I assert that believing this shows a fundamental arrogance on the part of the believer. If they believe that the terrorism going on now is justified, they must believe that it is a legitimate response to the policies of the US (or some other Western countries). If this terrorism is a legitimate response, then the US should presumably have pursued a different policy which would not have "created" terrorism abroad. But therein lies the rub. What policy wouldn't create terrorists? Supporting Saddam Hussein, even tacitly, would encourage Islamic Revolutionaries who want to supplant him to attack the US. Supporting the opposition to Saddam Hussein makes the US a target for his supporters (read: insurgents). Lest you think that we could have stayed out of this altogether, think about this problem:Before the first gulf war, Saddam killed innocent allies of the US (Kuwaitis). After the Gulf war, he tried to assassinate the former US President. Vladimir Putin has recently revealed that in the last several years Russian intelligence has gotten wind of multiple plots by Iraqi agents to attack targets in the United States. We didn't go to Iraq for fun to steal their oil. We had little choice but to deal with the situation there.

EITHER WAY SOMEONE IS GOING TO BE PISSED OFF.

If you believe that there are actions that the US could take which would somehow stave off terrorism against us, you are failing to take into account the multidude of differences between people OUTSIDE the United States. Some of them are diametrically opposed to one another. Peaceniks are mad when we encourage rebel insurgencies and they're mad when we try to counter them. This is naive and stupid. You can't have it both ways. The only way I can see that someone can believe that radical Islamist, anti-American terrorism is justified is to essentially say they Iraq was right and Iran was wrong, or vice versa. It's to say that the Palestinians are right and the Israelis are wrong, or vice versa. Many people have called me arrogant, but I don't pretend that I understand the Israel-Palestine problem so well that I know who's "right" and who's "wrong." But to believe there are choices the US could make which would prevent terrorism is to assume that there is one right answer to the Israel-Palestine problem.

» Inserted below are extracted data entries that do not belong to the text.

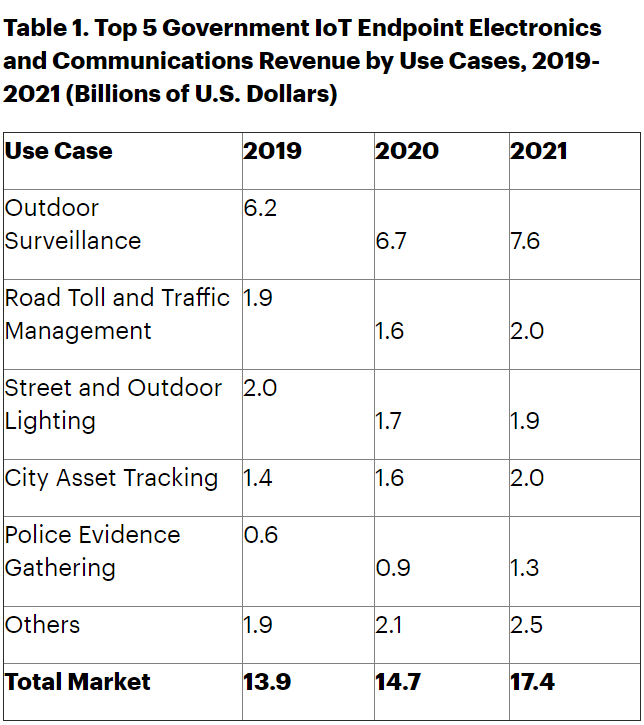 2020 年政府物联网市场最大的机会:户外监控、街道和户外照明、以及道路收费和交通管理。
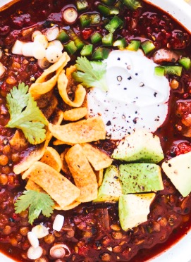 This 30 minute dinner is a fantastic one to serve on meatless Mondays. Lentils are delicious, nutritious and are a nice substitute for meat in this chili. They are full of protein and give a little bit of a chewy texture like meat.
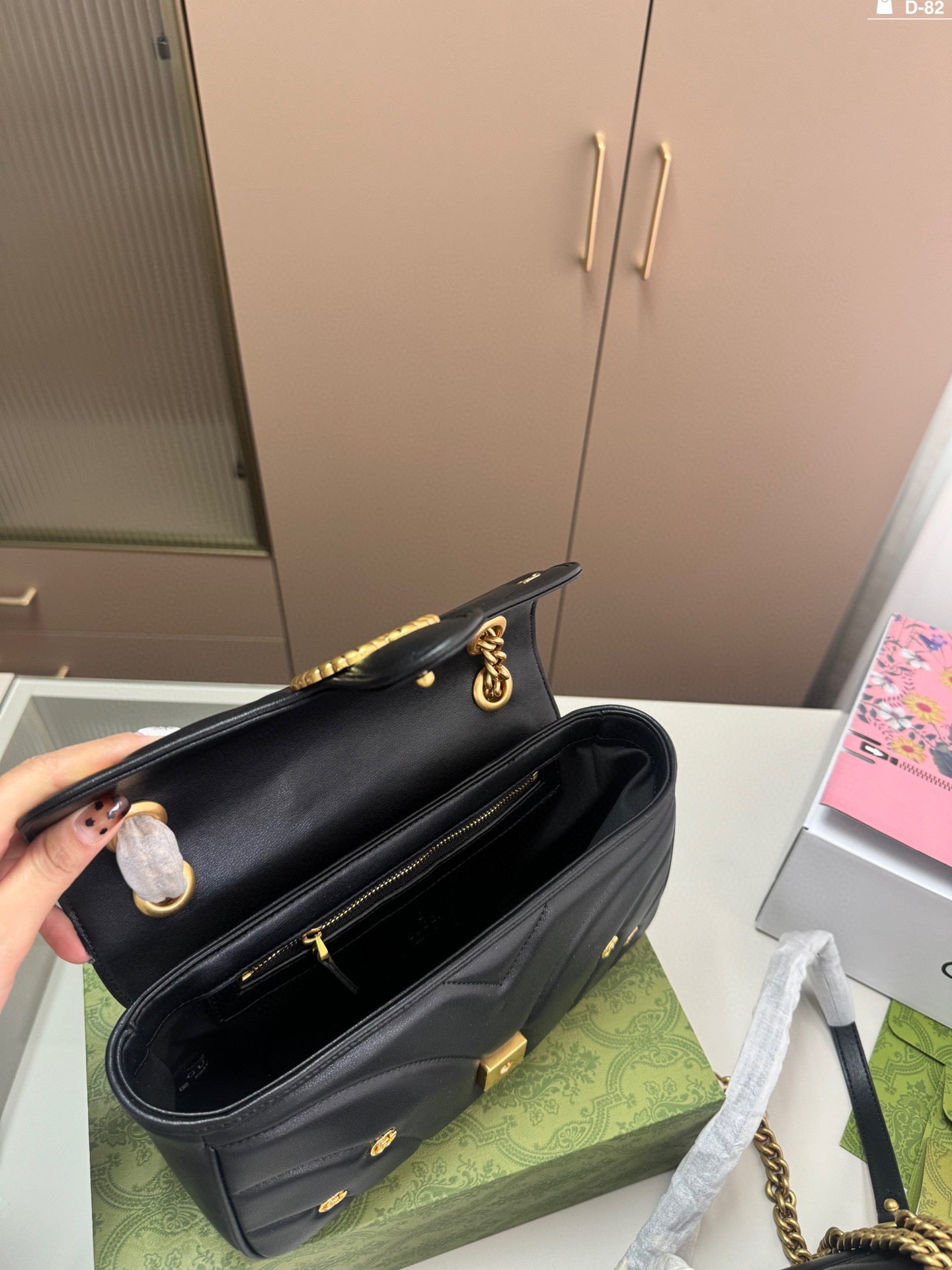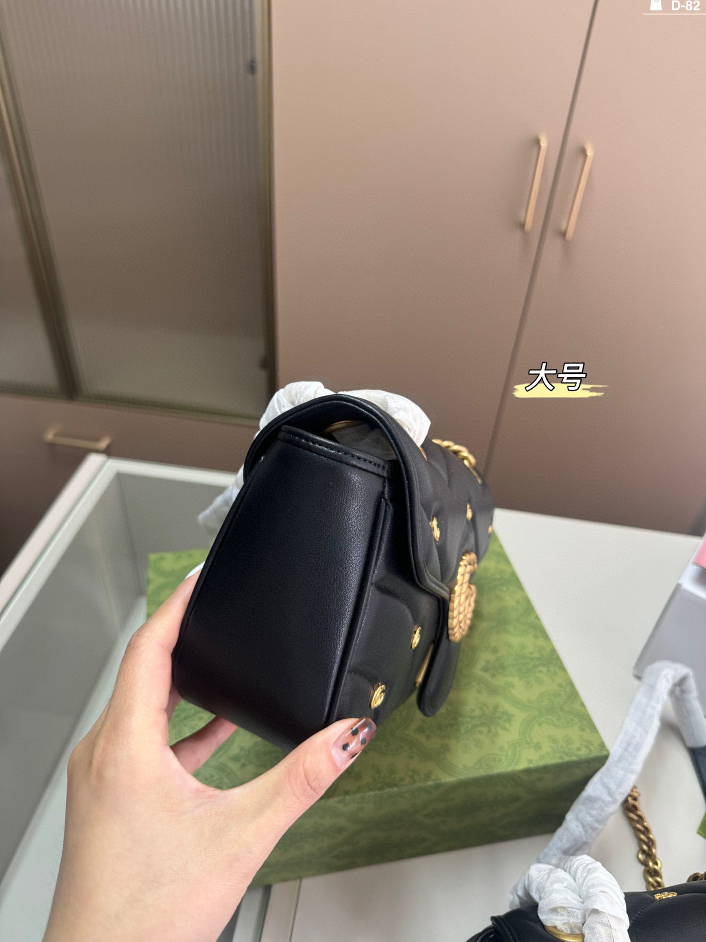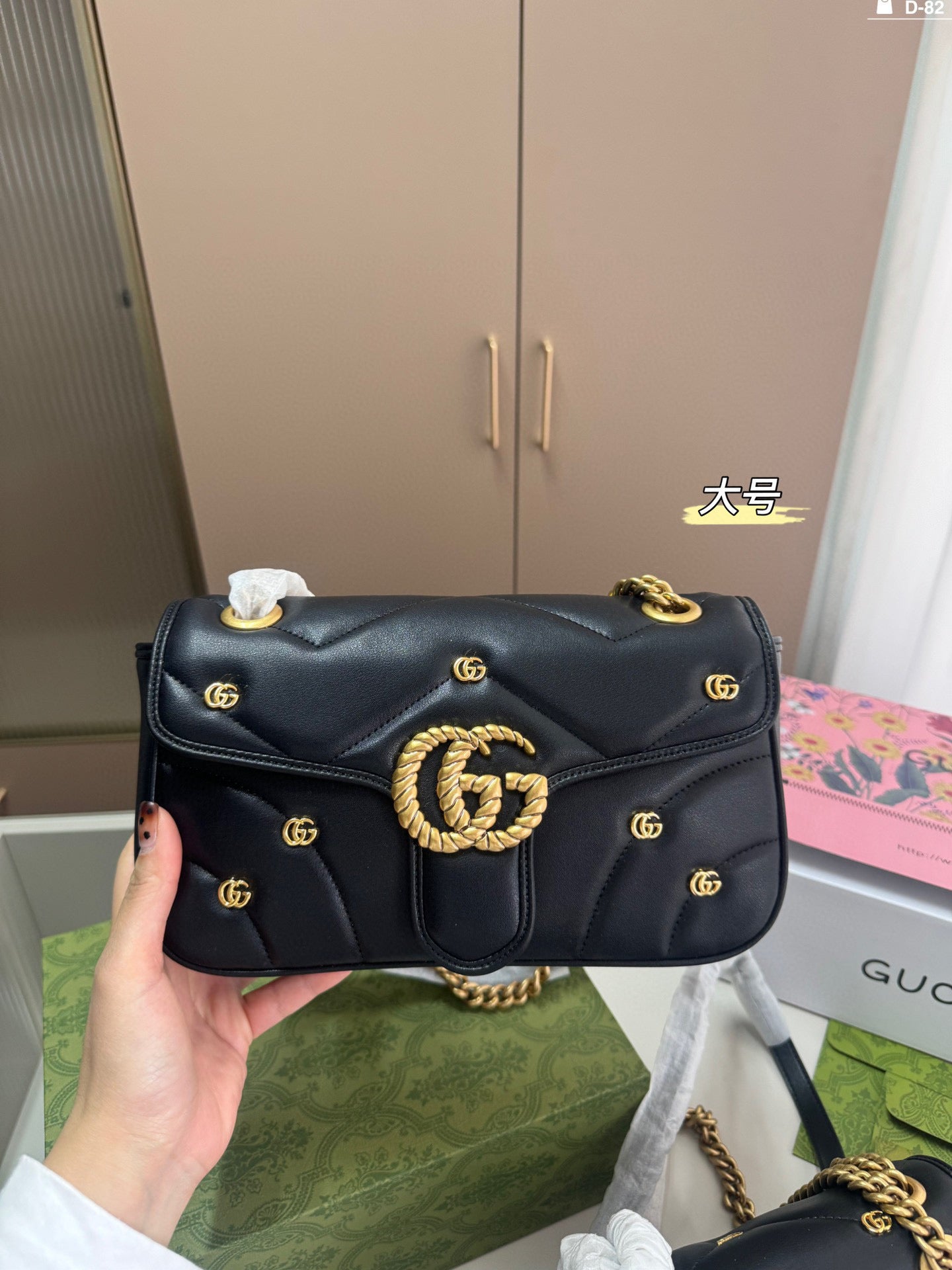 Introducing the Gucci Marmont Badge Chain Bag, a delightful accessory that perfectly combines style and functionality. Crafted from soft materials, this eye-catching bag features the iconic GG Marmont design and a unique puffy silhouette that adds a playful touch to any outfit. With dimensions of 25×15/20×13 cm, it conveniently folds into a compact box, making it ideal for travel or everyday use. Elevate your fashion game with this chic and versatile piece.

According to dictionary.com, arrogant means "Marked by or arising from a feeling or assumption of one's superiority toward others". For someone living in the United States to think that some certain policy is so "right" that no one would rebel against it and be driven to terrorism seems quite arrogant to me.

To the person with the bumper sticker: I guess terrorism is a symptom. It's a symptom of a diseased mind that believes problems are solved by bombing innocent people riding the bus. Arrogance is a disease, too. Believing that you know better and everyone else out there just doesn't get it is arrogant. Maybe there's a reason why you're not the president of the United States, you idiot.

Saturday, June 19, 2004

Israeli Disengagement

For several months I have been very undecided about Sharon's disengagement plan. I was unsure how it fit in with the "roadmap", whether it was simply a land grab, and how it could ever pass muster in the Likud party. Obviously the referendum has shown it didn't, in fact, carry a majority of Likud support. After reading about it and thinking about it for a long time, I have decided to tentatively support the disengagement plan.

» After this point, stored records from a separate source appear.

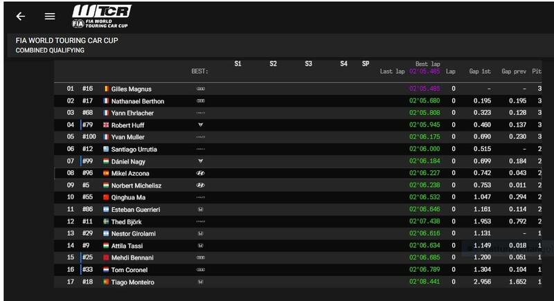 Eliminati in Q3 e chiudono lo schieramento Nestor Girolami, Attila Tassi, Mehdi Bennani lontano come in Ungheria dai livelli del Nurborgring, il suo compagno di squadra Tom Coronel, e Tiago Monteiro.
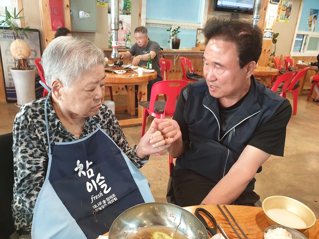우리는 멀리 가기는 어려워 요양원 옆 건물의 식당에 갔다. 아빠는 익숙하게 할머니 몫으로 냉면을 주문했다. 급식으로 하루 세끼를 먹는 할머니는 아들이 평소 좋아하던 음식을 주문해주자 표정이 밝아졌다. 한 번도 나를 보면서 그런 밝은 표정을 지은 적은 없었지만 아빠에 대한 할머니의 사랑은 늘 얼굴에서 읽을 수 있었는데 세월이 흘렀어도 그 모습은 그대로였다. 안타깝게도 할머니는 혼자서 젓가락질을 할 수없었다. 아빠는 식사를 제쳐두고 본격적으로 할머니에게 붙어 보조 하기 시작했다.
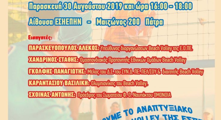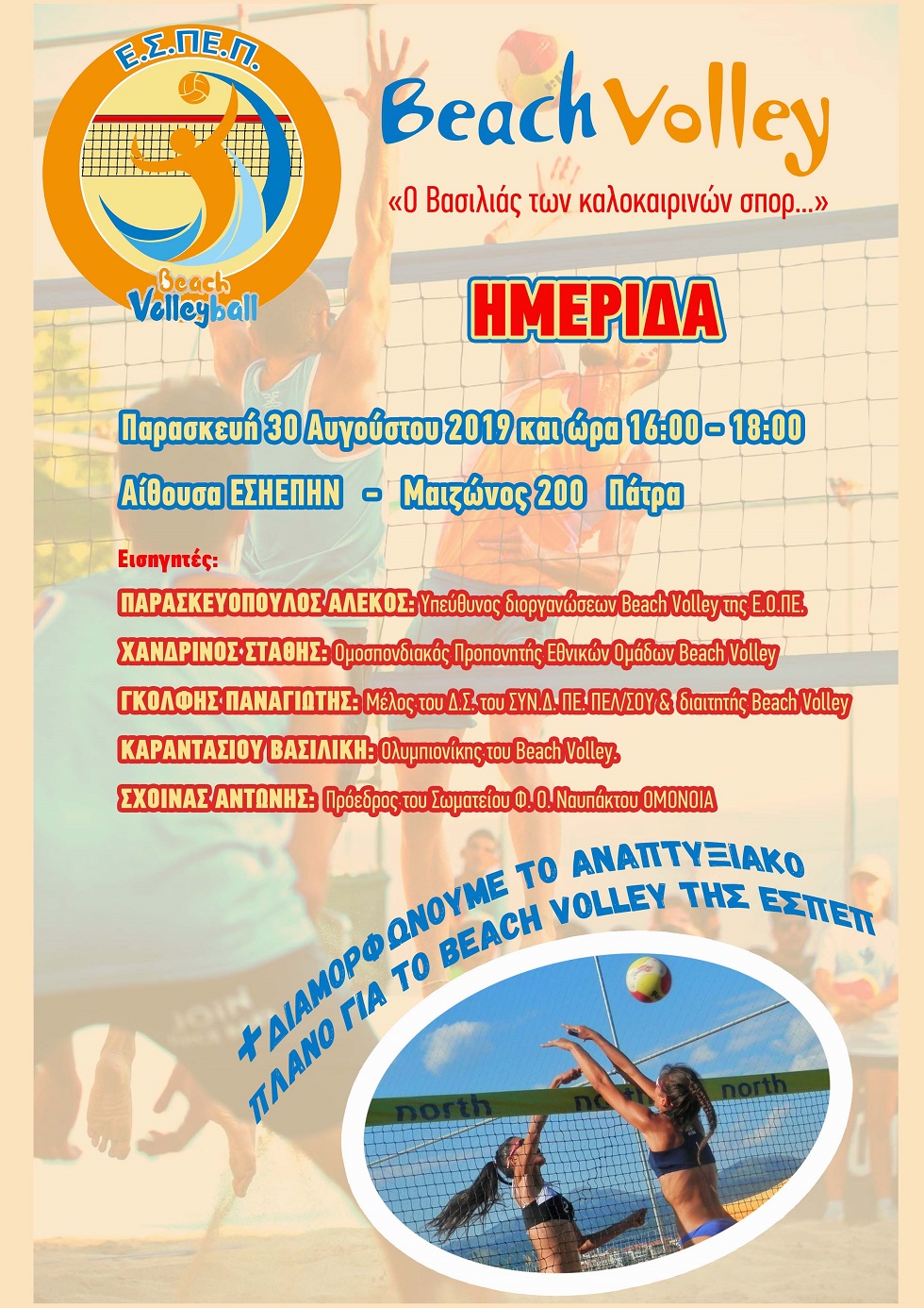 Το Δ.Σ. της ΕΣΠΕΠ. με αφορμή της διοργάνωσης των ΙΙ Μεσογειακών Παράκτιων αγώνων που θα διεξάγονται στην Πάτρα, διοργανώνει την Παρασκευή 30/8/2019 και ώρα 16:00 με 18:00, ενημερωτική συνάντηση με εκπροσώπους σωματείων, προπονητές, διαιτητές καθώς και ιδιοκτήτες εγκαταστάσεων Beach Volley των περιοχών ευθύνης της, θέλοντας να συνδιαμορφώσουν το αναπτυξιακό πλάνο για το Beach Volley στην Πελοπόννησο.
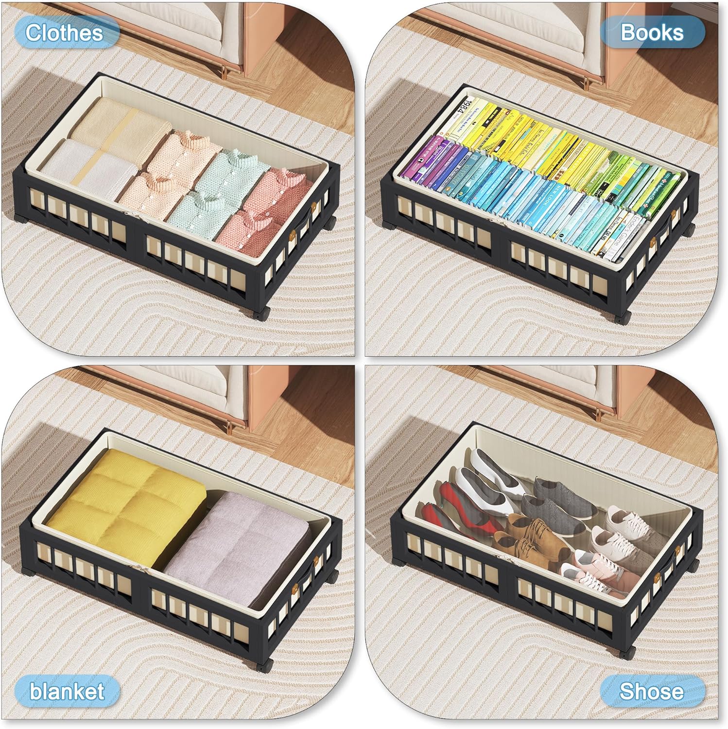 efluky 2-Pack Bamboo Under Bed Storage Containers with Wheels, Under Bed Clothes Storage Basket with Large Dust Bag, Rolling UnderBed Storage for Bedroom, Dorm and Basement, Black
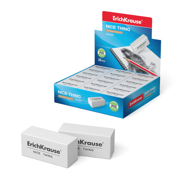 Ластик Erich Krause "Nice Thing" прямоуг. 40*19*15мм, термопласт. резина, белый 45027
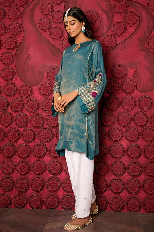 TEAL RASHAM EMBELLISHED SHIRT

The tipping point for me came from reading "Does Sharon Have a Plan?" by Hillel Halkin in the June, 2004 issue of Commentary. While the article is neither very detailed nor particularly well researched, it does make a powerful common-sense argument.

Four years of intifada has increasingly forced me to agree with the cynics that a peaceful, negotiated, two-state compromise seems about as unlikely as a peaceful single state for Jews and Arabs to share.

My dad pointed out that the disengagement plan still doesn't really solve the problem of what to do with Jerusalem, ever a sticking a point. I wonder if, even if the disengagement were to succeed, it would not simply re-focus terrorist attacks on Jerusalem.

Even though it may not solve the Jerusalem issue, the disengagement plan is necessary because it will begin to acclimate Israeli hardliners to the evacuation of settlements, which is inevitable.